The Flash update corrects at least 13 critical vulnerabilities present in versions 10.3.181.36 and earlier for Windows, Mac, Linux and Solaris machines (the bugs exist in Flashversions 10.3.185.25 and earlier for Android devices). Windows, Mac, Linux and Solaris users should upgrade to version 10.3.183.5, and Android users should update to v. 10.3.186.2. According to Adobe, they are not aware of any exploits “in the wild” for the issues addressed in the update. Digging into the vulnerabilities, the vast majority are for memory and five buffer overflows, four memory corruption and three integer overflow issues. There is also a single cross-site information disclosure issue that is fixed that could have potentially led to arbitrary code execution.

To find out which version of Flash you have, visit this page. Windows users who browse the Web with anything other than Internet Explorer will need to apply the Flash update twice, once using IE and again with the other browser (Google Chromeusers should already have the latest version of Flash).

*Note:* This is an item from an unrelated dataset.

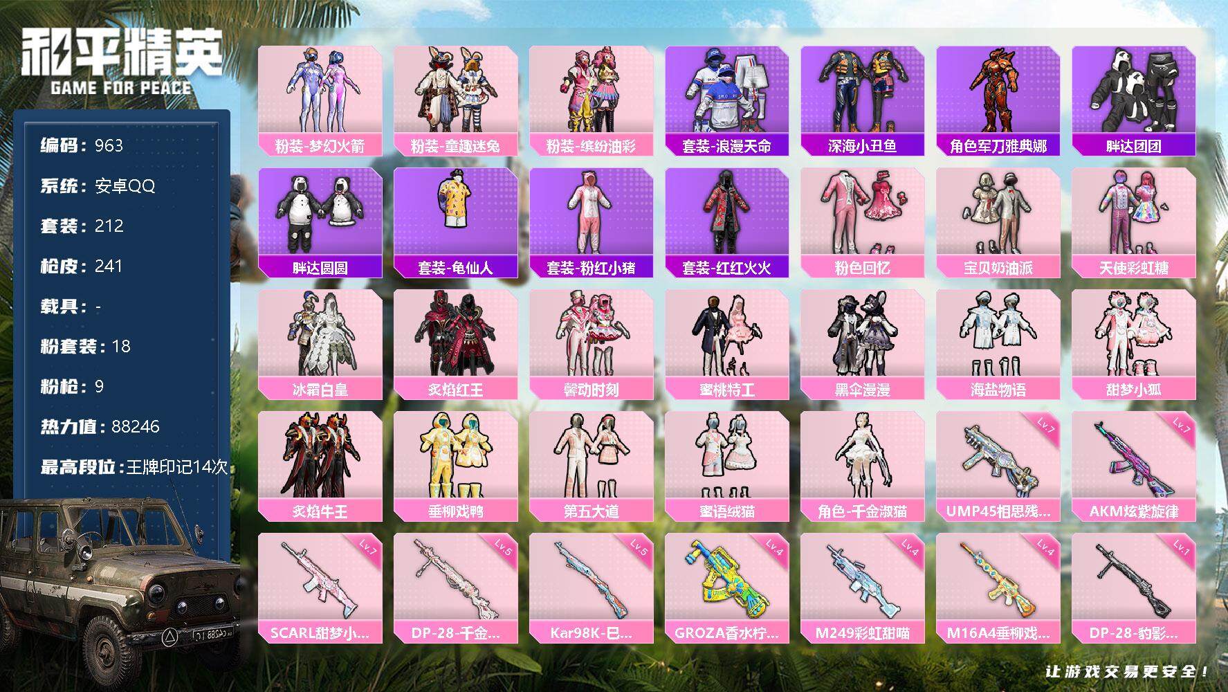 [12587594]安卓 手Q-18粉装-9特效枪-0载具-2粉色飞行器-88246热力值-14王牌印记-212套装-241枪皮

To avoid using Adobe’s annoying Download Manager, IE users can grab the latest update directly from this link; the direct link for non-IE browsers is here.

Windows users can furthermore use the Flash Player Settings Manager that is part of the Windows Control Panel to check for updates. Here it is furthermore possible to check the Flash Player version that is installed on the system. The path is Control Panel > Flash Player (32-bit) > Advanced. Users with a 64-bit version of Flash Player installed need to change the 32-bit to 64-bit in the path.

The same flaws exist in Adobe AIR for Windows, Mac and Android. Using an application that requires Adobe AIR (Tweetdeck or Pandora, for example) should prompt you to update to the latest version, AIR 2.7.1. If you don’t see a prompt to update the program, the latest version of AIR is available here.

Adobe also shipped an update to its Shockwave Player that fixes at least seven critical vulnerabilities in the media player program. Adobe is urging users of Adobe Shockwave Player 11.6.0.626 and earlier  update to Adobe Shockwave Player 11.6.1.629.

I should note that you may not have or want Shockwave installed. I haven’t had it on my Firefox installation for some time now and don’t seem to have missed it. I’m sure it has its uses, but to me Shockwave is just another Adobe program that requires constant care and feeding. What’s more, it demands two separate installation procedures for IE and non-IE browsers.

To test whether you have Shockwave installed, visit this page; if you see an animation, it’s time to update. If you see a prompt to install Shockwave, there is no need to install it. Mozilla Firefox users without Shockwave Player installed may still see “Shockwave Flash” listed in the “Plugins” directory of the browser; this merely indicates that the user has Adobe’s Flash Player installed.